## Records from a data collection
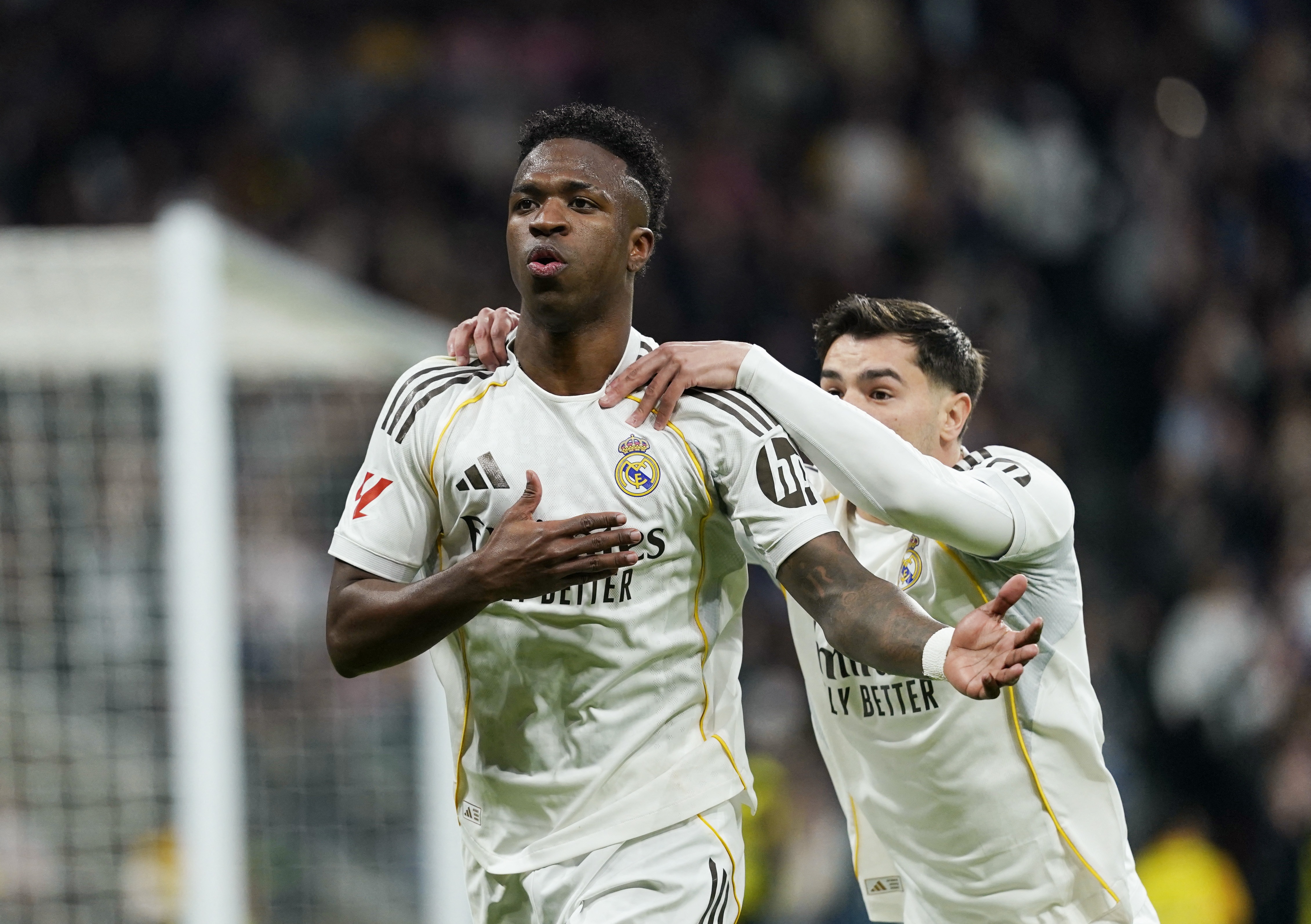 2月26日讯 在欧冠淘汰赛附加赛次回合皇马对阵本菲卡的比赛中,维尼修斯破门。
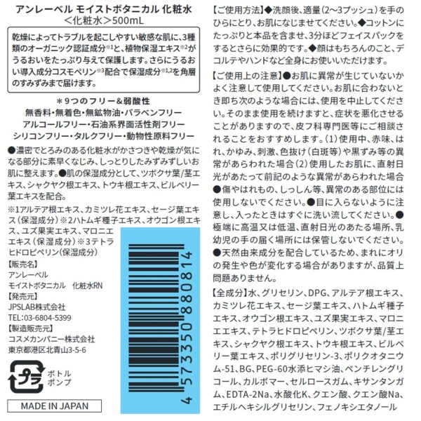 안레이블 모이스트보태니컬화장수 500ml 코스메컴퍼니 > 기타
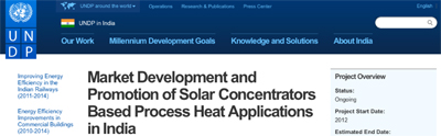 UNDP / MNRE Indien: International Technical Consultant für die Entwicklungsphase des Projekts "Market Development and Promotion of Solar Concentrators based Process Heat Applications in India" (http://www.undp.org/...)
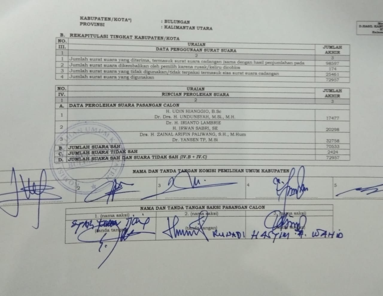 Berikut hasil Rekapitulasi perhitungan suara Pilgub Kaltara di Kabupaten Bulungan :
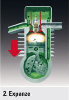 Sání: Píst se pohybuje dolů, stejně jako při expanzi je směs obtokovým kanálem znovu vytlačována z klikové skříně zpět do sacího kanálu.
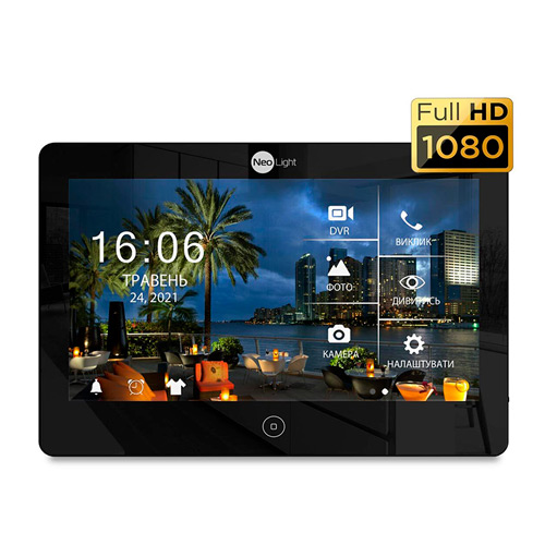 NeoLight Mezzo HD - цветной 4-х канальный монитор с поддержкой Full HD разрешения. Оснащен сенсорным 10,1 " IPS дисплеем. Поддерживает карты памяти microSD (до 128 Гб). Возможность записи видео по движению. Поддерживает ф-ции: "Авторамка", "Автоответчик". Встроенный блок питания.
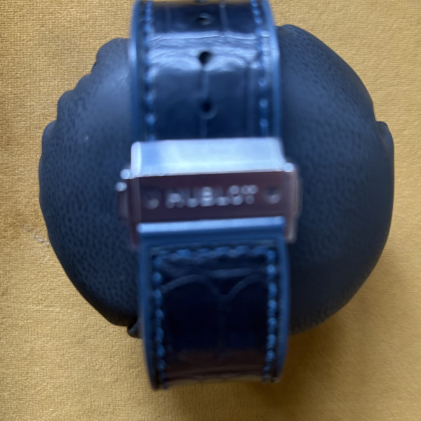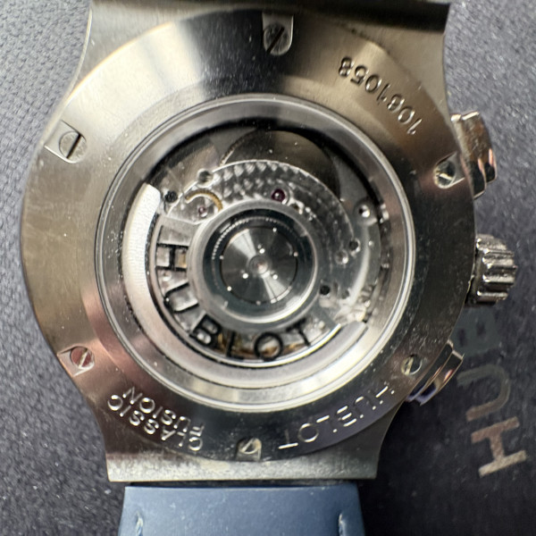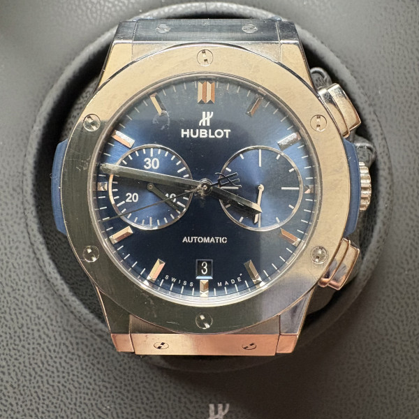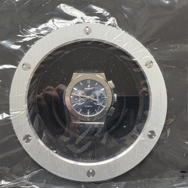 Hublot Classic Fusion 521.NX.7170.LR with blue dial is a sleek and modern luxury timepiece that embodies Hublot’s “Art of Fusion” philosophy. The 45mm titanium case provides lightweight durability and a contemporary aesthetic, complemented by a polished b
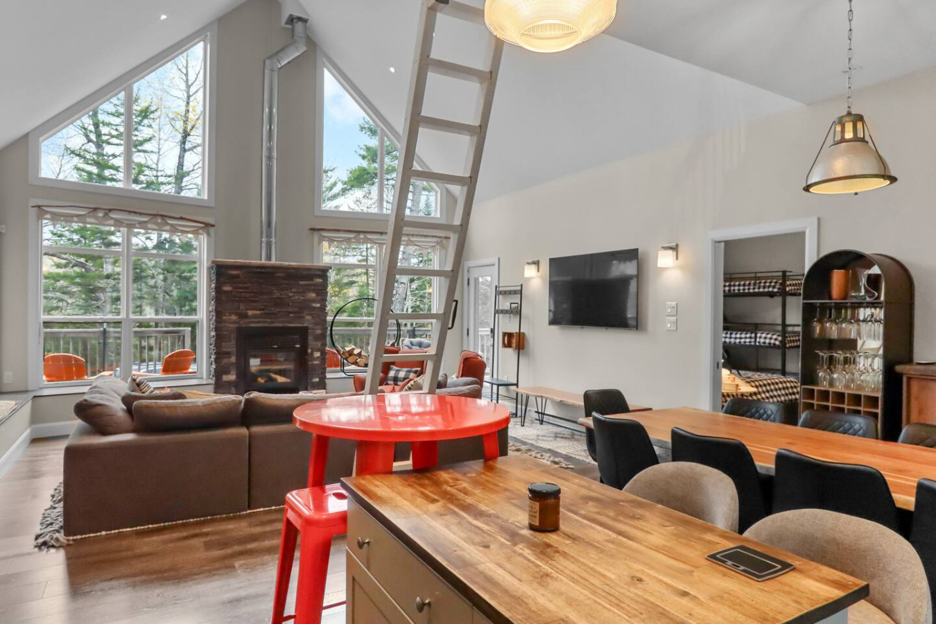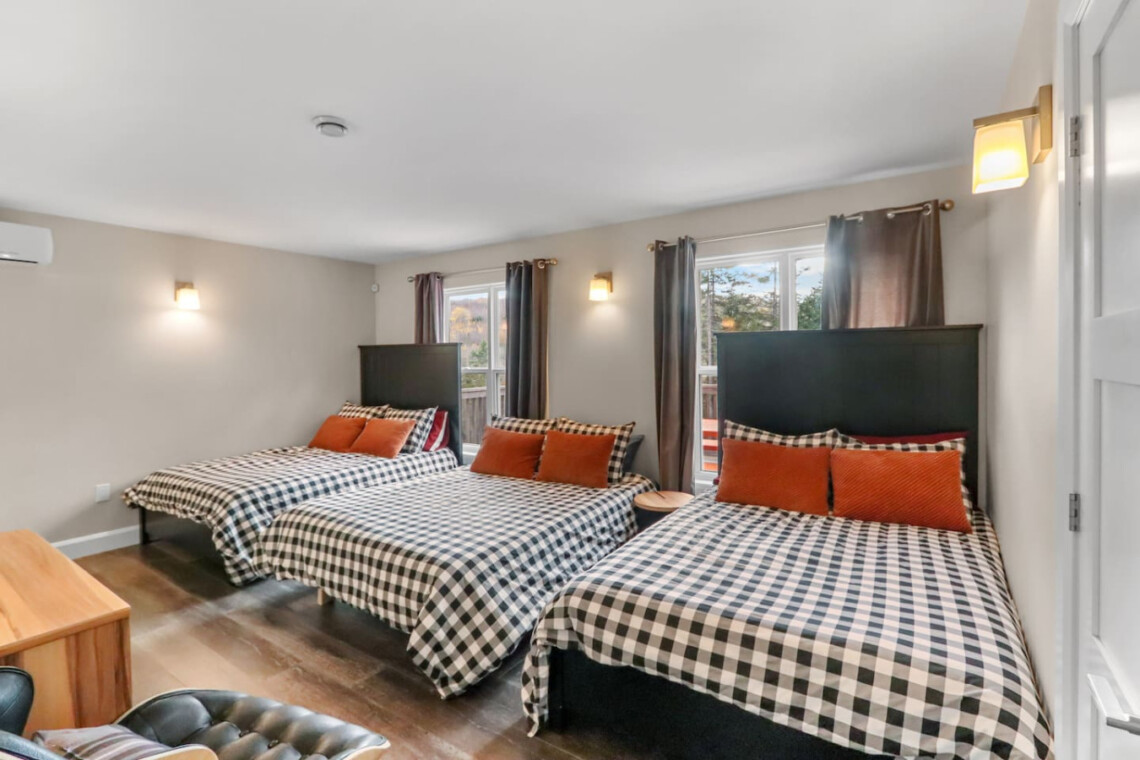 Escape to this spacious 3-bedroom retreat just 8 minutes from Poley Mountain! With 8 beds, an open-concept living room and kitchen, cozy fireplace, and huge windows with beautiful views, it’s perfect for groups and families. Relax on the large deck with plenty of seating, soak in the hot tub, or gather around the firepit. Enjoy total privacy with no neighbours—your own peaceful mountain getaway after a day on the slopes!
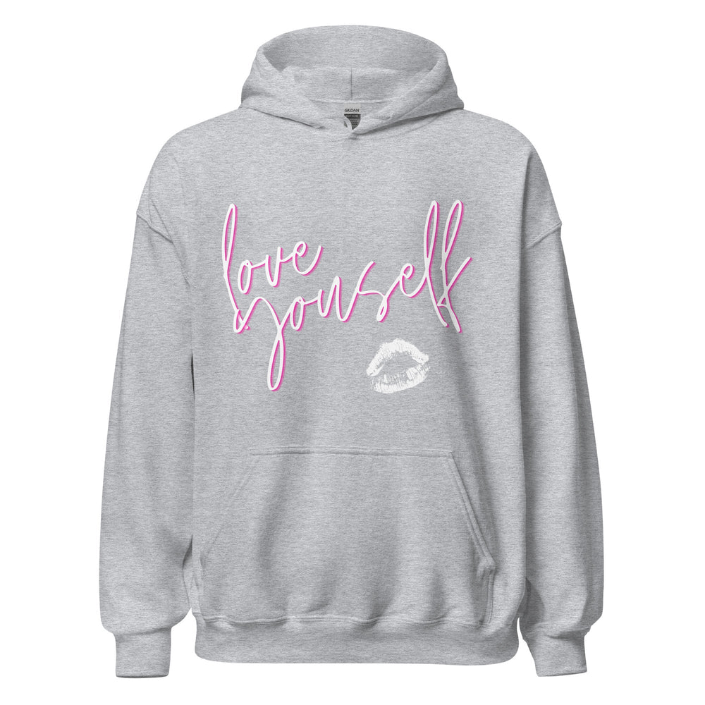 This Love Yourself! Unisex Hoodie? It’s not just soft, it’s like wrapping yourself in a cloud made of dreams and fierce queer magic. The kind of cozy that makes you wanna strut your stuff from the living room to the club, turning sidewalks into runways and yoga mats into dance floors. It’s so extra, you’ll never want to take it off, serving comfort realness 24/7.
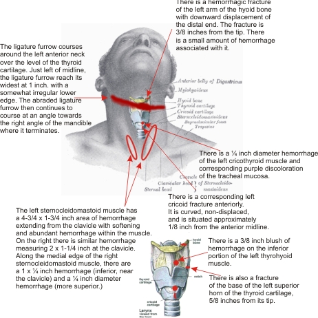 The location of the ligature furrow on the front of the neck is illustrated below.
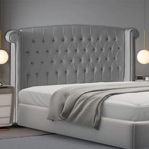 Essa cabeceira casal estofada é um luxo só, isso porque o seu design curvo somado aos botões revestidos cria um ambiente clássico e charmoso.
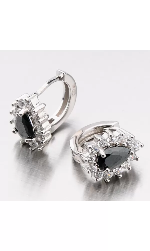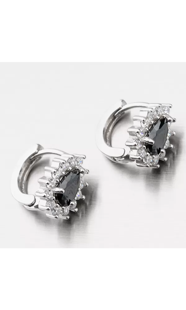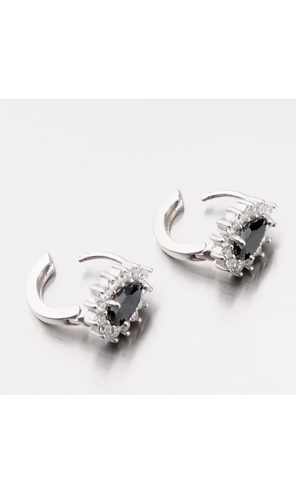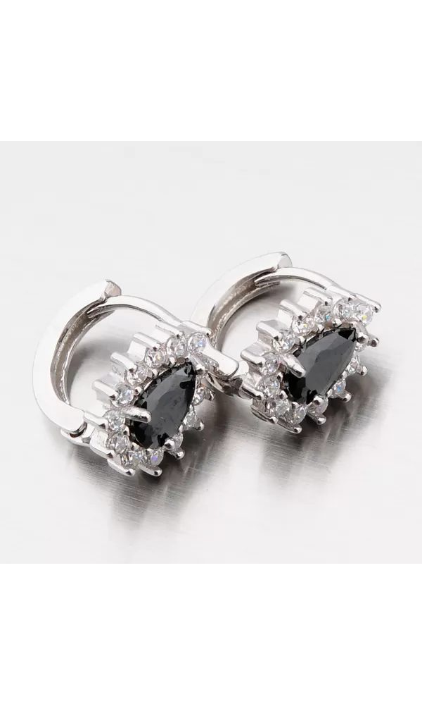 Tyto náušnice si oblíbíte. Nejen pro jejich slušivý tvar ale také pro nekonečný třpyt zirkonů. Náušnice mají ozdobu ve tvaru kapky, která je zdobená stejně broušeným zirkonem v černé barvě, který je umístěn uprostřed ozdoby. Kolem velkého zirkonu jsou pečlivě vsazeny menší zirkony v briliantovém brusu. Třpyt a záře zirkonů se násobí každým vaším pohybem. Náušnice se zapínají na klapku.
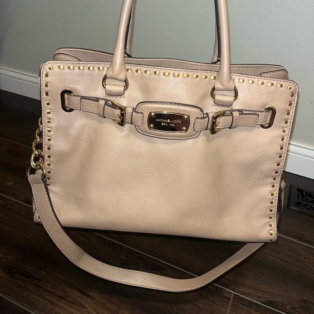 Only used a few times! Great condition!! Very unique MK bag with gold detailing. Optional longer strap if you prefer a shoulder bag!
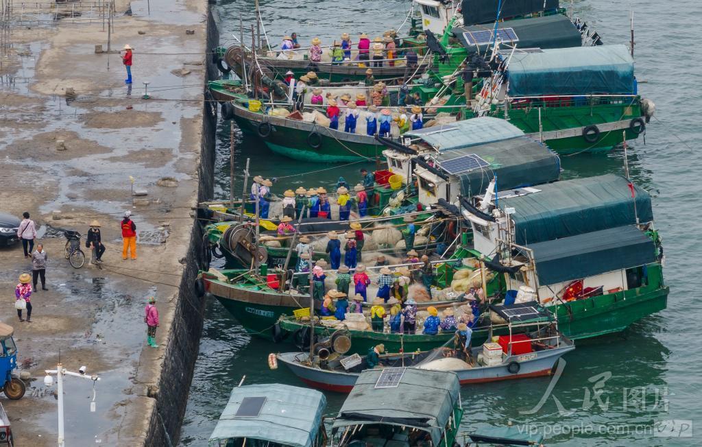 2024年1月8日,广东省湛江市徐闻县雷州半岛外罗港码头,出海捕捞归来的渔船停靠码头,岸边妇女登船拆网取鱼,船主将鱼获运到岸上销售,一片繁忙景象。 徐闻外罗港,位于县城东部,离城53公里。该港不仅以渔产品的品质高档、种类繁多闻名于省内,港澳台,甚至全世界众口称道。
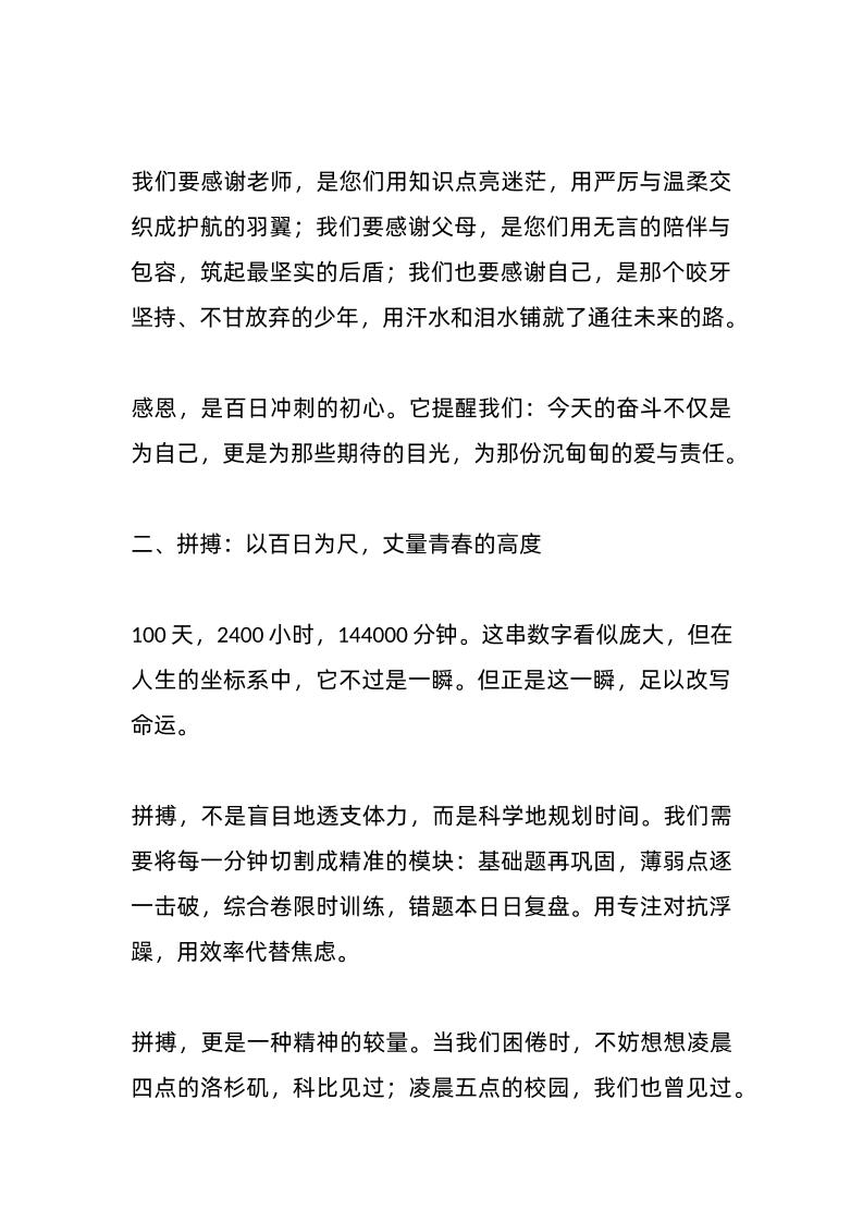 2025年高考百日誓师大会学生表态发言稿:百日冲刺,青春无悔子渊12个月前发布关注私信03711 ——预览已结束,还剩2页未读——开通会员后可免费下载高清完整文档 2025年高考百日誓师大会学生表态发言稿:百日冲刺,青春无悔此内容为付费资源,请付费后查看¥18.8¥999普通会员免费超级会员免费立即购买您当前未登录!建议登陆后购买,可保存购买订单格式docx页数4 页大小13.56 KB付费资源© 版权声明文章版权归作者所有,未经允许请勿转载。THE END发言稿 喜欢就支持一下吧点赞11 分享QQ空间微博QQ好友海报分享复制链接收藏

## ACTIVITY
Type the entries above out again exactly, with no pictures.

## EXERCISE ANSWER
 2月26日讯 在欧冠淘汰赛附加赛次回合皇马对阵本菲卡的比赛中,维尼修斯破门。
 안레이블 모이스트보태니컬화장수 500ml 코스메컴퍼니 > 기타
 UNDP / MNRE Indien: International Technical Consultant für die Entwicklungsphase des Projekts "Market Development and Promotion of Solar Concentrators based Process Heat Applications in India" (http://www.undp.org/...)
 Berikut hasil Rekapitulasi perhitungan suara Pilgub Kaltara di Kabupaten Bulungan :
 Sání: Píst se pohybuje dolů, stejně jako při expanzi je směs obtokovým kanálem znovu vytlačována z klikové skříně zpět do sacího kanálu.
 NeoLight Mezzo HD - цветной 4-х канальный монитор с поддержкой Full HD разрешения. Оснащен сенсорным 10,1 " IPS дисплеем. Поддерживает карты памяти microSD (до 128 Гб). Возможность записи видео по движению. Поддерживает ф-ции: "Авторамка", "Автоответчик". Встроенный блок питания.
 Hublot Classic Fusion 521.NX.7170.LR with blue dial is a sleek and modern luxury timepiece that embodies Hublot’s “Art of Fusion” philosophy. The 45mm titanium case provides lightweight durability and a contemporary aesthetic, complemented by a polished b
 Escape to this spacious 3-bedroom retreat just 8 minutes from Poley Mountain! With 8 beds, an open-concept living room and kitchen, cozy fireplace, and huge windows with beautiful views, it’s perfect for groups and families. Relax on the large deck with plenty of seating, soak in the hot tub, or gather around the firepit. Enjoy total privacy with no neighbours—your own peaceful mountain getaway after a day on the slopes!
 This Love Yourself! Unisex Hoodie? It’s not just soft, it’s like wrapping yourself in a cloud made of dreams and fierce queer magic. The kind of cozy that makes you wanna strut your stuff from the living room to the club, turning sidewalks into runways and yoga mats into dance floors. It’s so extra, you’ll never want to take it off, serving comfort realness 24/7.
 The location of the ligature furrow on the front of the neck is illustrated below.
 Essa cabeceira casal estofada é um luxo só, isso porque o seu design curvo somado aos botões revestidos cria um ambiente clássico e charmoso.
 Tyto náušnice si oblíbíte. Nejen pro jejich slušivý tvar ale také pro nekonečný třpyt zirkonů. Náušnice mají ozdobu ve tvaru kapky, která je zdobená stejně broušeným zirkonem v černé barvě, který je umístěn uprostřed ozdoby. Kolem velkého zirkonu jsou pečlivě vsazeny menší zirkony v briliantovém brusu. Třpyt a záře zirkonů se násobí každým vaším pohybem. Náušnice se zapínají na klapku.
 Only used a few times! Great condition!! Very unique MK bag with gold detailing. Optional longer strap if you prefer a shoulder bag!
 2024年1月8日,广东省湛江市徐闻县雷州半岛外罗港码头,出海捕捞归来的渔船停靠码头,岸边妇女登船拆网取鱼,船主将鱼获运到岸上销售,一片繁忙景象。 徐闻外罗港,位于县城东部,离城53公里。该港不仅以渔产品的品质高档、种类繁多闻名于省内,港澳台,甚至全世界众口称道。
 2025年高考百日誓师大会学生表态发言稿:百日冲刺,青春无悔子渊12个月前发布关注私信03711 ——预览已结束,还剩2页未读——开通会员后可免费下载高清完整文档 2025年高考百日誓师大会学生表态发言稿:百日冲刺,青春无悔此内容为付费资源,请付费后查看¥18.8¥999普通会员免费超级会员免费立即购买您当前未登录!建议登陆后购买,可保存购买订单格式docx页数4 页大小13.56 KB付费资源© 版权声明文章版权归作者所有,未经允许请勿转载。THE END发言稿 喜欢就支持一下吧点赞11 分享QQ空间微博QQ好友海报分享复制链接收藏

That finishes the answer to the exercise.